The auto industry’s solid rebound prompted S&P’s focus on the sector in its first Structured Finance “Hot Topics” event of the year.
In fact, the auto sector is growing faster than the overall economy. Sales have picked up, though they have not returned to pre-recession levels, said Erkan Erturk, senior director of structured finance research at S&P. Though pent-up demand seems to be driving the growth in auto sales, “we are not at the level where it could be,” he said.
Keeping that in mind, Erturk performed an analysis — not a forecast — of what pent-up demand could be.

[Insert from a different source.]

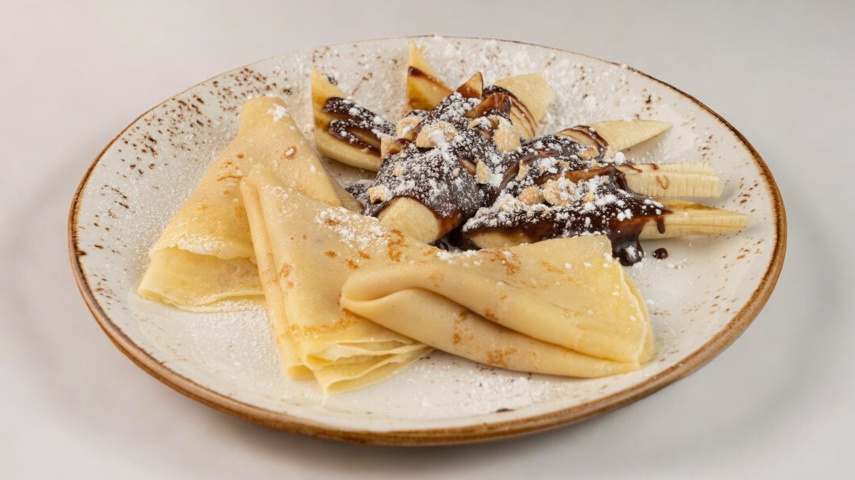 Блины с бананом, нутеллой и фундуком

Based on non-farm payrolls and the function of the relationship between 1995 and 2006, pent-up demand could total 10 million units.
“If that is the case, that pent-up demand will be coming our way, and we will see the impact on sales in a positive way in the next few years,” he said.

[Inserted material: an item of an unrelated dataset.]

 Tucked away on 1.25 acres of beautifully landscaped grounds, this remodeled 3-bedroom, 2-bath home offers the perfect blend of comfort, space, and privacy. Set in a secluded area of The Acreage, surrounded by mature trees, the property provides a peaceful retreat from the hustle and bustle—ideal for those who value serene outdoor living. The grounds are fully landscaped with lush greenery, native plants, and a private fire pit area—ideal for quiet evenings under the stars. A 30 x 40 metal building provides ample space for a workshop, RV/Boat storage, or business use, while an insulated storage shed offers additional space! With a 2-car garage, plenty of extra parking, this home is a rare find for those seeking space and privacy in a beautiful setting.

That pent-up demand is among the reasons for growth in auto ABS issuance, Erturk explained. In addition, the strength of the used-car market, vehicle affordability, and the decline of consumer default rates are all stimulating growth.
Still, both Binz and Erturk concurred that risks remain in the sector. Among them is the change in underwriting trends in the auto loan market, consumer confidence inching its way back up, a slow housing recovery, and the European sovereign debt crisis.